• Your task: In your copy, the records appear word for word and the pictures do not appear at all.

START Data for analysis

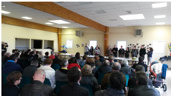
De nombreuses personnes étaient présentes aux vœux du Conseil Municipal 2017

Cela concerne les travaux d'entretien pour les divers bâtiments communaux, les demandes de devis divers fenêtres et portes de l'école et divers mobilier, remplacement des imprimantes mairie et école, cimetière (columbarium, cavurnes, jardin du souvenir entretien des portails), ralentisseurs entrée du bourg, peinture salle multifonction, aménagement côté salle d'un local spécial chaises et tables.
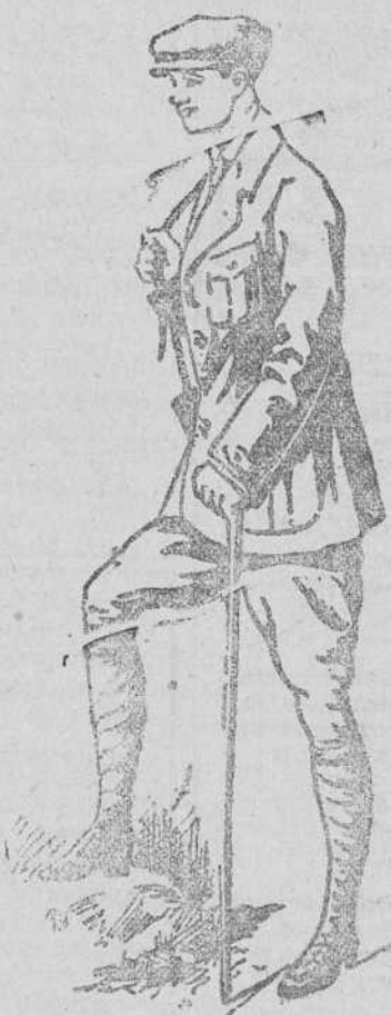
Trajos sport, en paño, pana y dril, desde 35 á 120 pesetas.
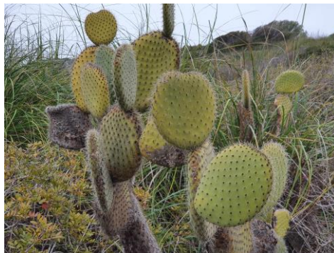
Fig. 6. Opuntia leucotricha DC.

Espècie arribada com a contaminant amb les llavors de plantes emprades per estabilitzar els talussos del desviament de Ferreries. Inicialment (2014) es van detectar dos nuclis, aquest i un altre situat a la rotonda de cala Galdana (32SEE8526), solament aquest ha persistit, tot i que ocupa un espai reduït (< 100 m 2 ). A les Balears, creix a Eivissa, Formentera i Mallorca, en aquesta illa sembla estar en expansió (Sáez et al. , 2011). A les altres illes sembla ser un tàxon autòcton, però a Menorca, la seva aparició sobtada, en una situació tan particular, el fet que no mostri una progressió fora d'aquells ambients de nova creació i que no es conegui de cap altra localitat de l'illa, tot açò, de moment, suggereix que és d'introducció recent.
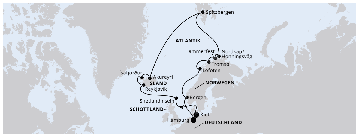
Die Karte zeigt eine optisch vereinfachte Route. Änderungen vorbehalten.
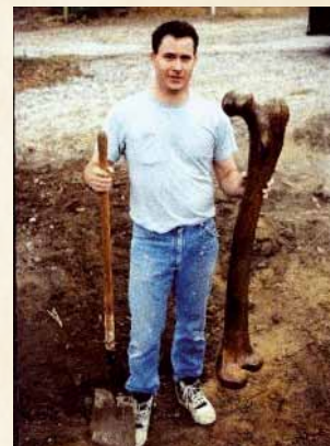
Obrovská ľudská stehenná kosť nájdená v Turecku v 90tych rokoch. South Texas museum.
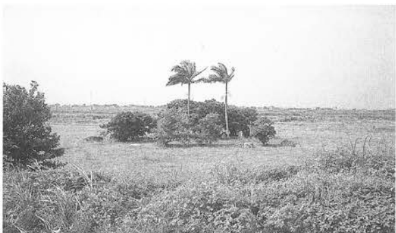
圖1 五結鄉鎮安村渡船口遺址

由陳財發先生自1980年代起所拍攝宜蘭縣境內各重要古蹟與歷史建築，藉由主題性的拍攝紀錄，輔助後人了解宜蘭歷史人文發展等相
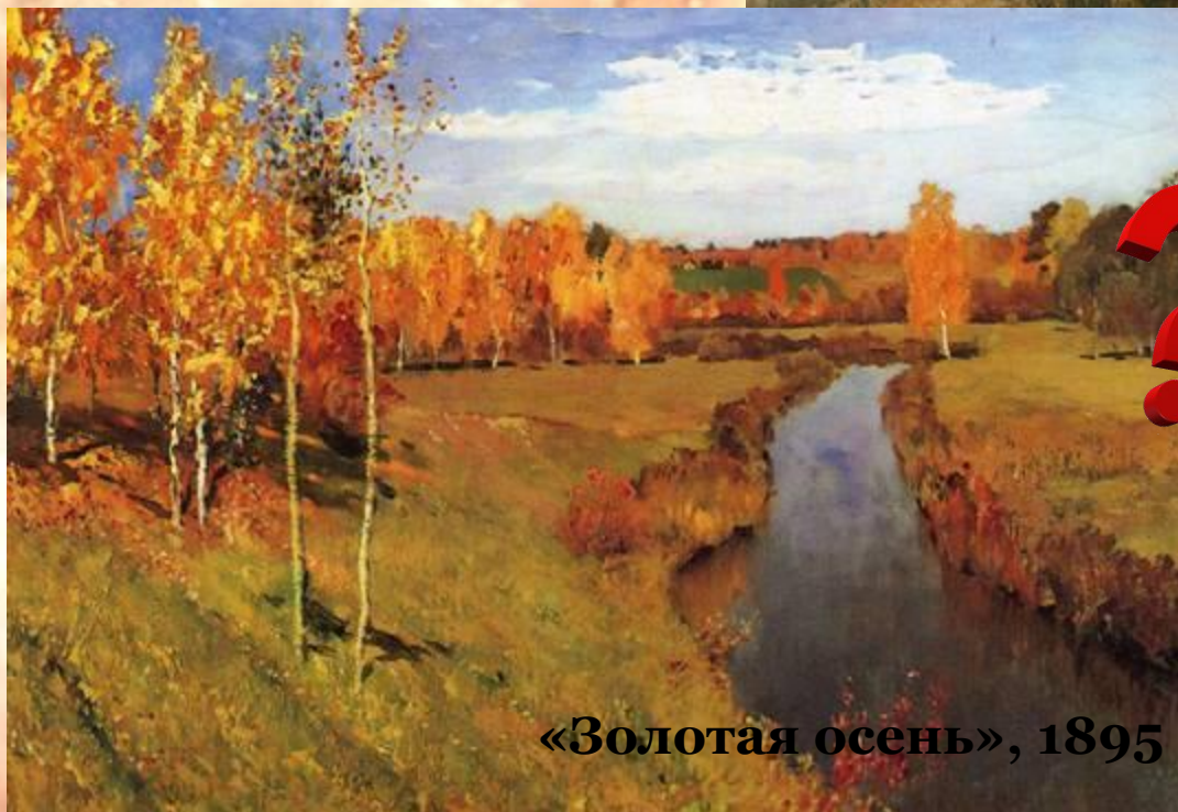
«Золотая осень», 1895
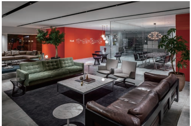
Knollのアイコン的なカラーであるレッドを基調としたショールーム

■ 本件に関するお問い合わせ：画像のお貸出し、ご取材などご希望の際は、下記プレス担当までご一報ください。

END Data for analysis

• Response box:
De nombreuses personnes étaient présentes aux vœux du Conseil Municipal 2017

Cela concerne les travaux d'entretien pour les divers bâtiments communaux, les demandes de devis divers fenêtres et portes de l'école et divers mobilier, remplacement des imprimantes mairie et école, cimetière (columbarium, cavurnes, jardin du souvenir entretien des portails), ralentisseurs entrée du bourg, peinture salle multifonction, aménagement côté salle d'un local spécial chaises et tables.
Trajos sport, en paño, pana y dril, desde 35 á 120 pesetas.
Fig. 6. Opuntia leucotricha DC.

Espècie arribada com a contaminant amb les llavors de plantes emprades per estabilitzar els talussos del desviament de Ferreries. Inicialment (2014) es van detectar dos nuclis, aquest i un altre situat a la rotonda de cala Galdana (32SEE8526), solament aquest ha persistit, tot i que ocupa un espai reduït (< 100 m 2 ). A les Balears, creix a Eivissa, Formentera i Mallorca, en aquesta illa sembla estar en expansió (Sáez et al. , 2011). A les altres illes sembla ser un tàxon autòcton, però a Menorca, la seva aparició sobtada, en una situació tan particular, el fet que no mostri una progressió fora d'aquells ambients de nova creació i que no es conegui de cap altra localitat de l'illa, tot açò, de moment, suggereix que és d'introducció recent.
Die Karte zeigt eine optisch vereinfachte Route. Änderungen vorbehalten.
Obrovská ľudská stehenná kosť nájdená v Turecku v 90tych rokoch. South Texas museum.
圖1 五結鄉鎮安村渡船口遺址

由陳財發先生自1980年代起所拍攝宜蘭縣境內各重要古蹟與歷史建築，藉由主題性的拍攝紀錄，輔助後人了解宜蘭歷史人文發展等相
«Золотая осень», 1895
Knollのアイコン的なカラーであるレッドを基調としたショールーム

■ 本件に関するお問い合わせ：画像のお貸出し、ご取材などご希望の際は、下記プレス担当までご一報ください。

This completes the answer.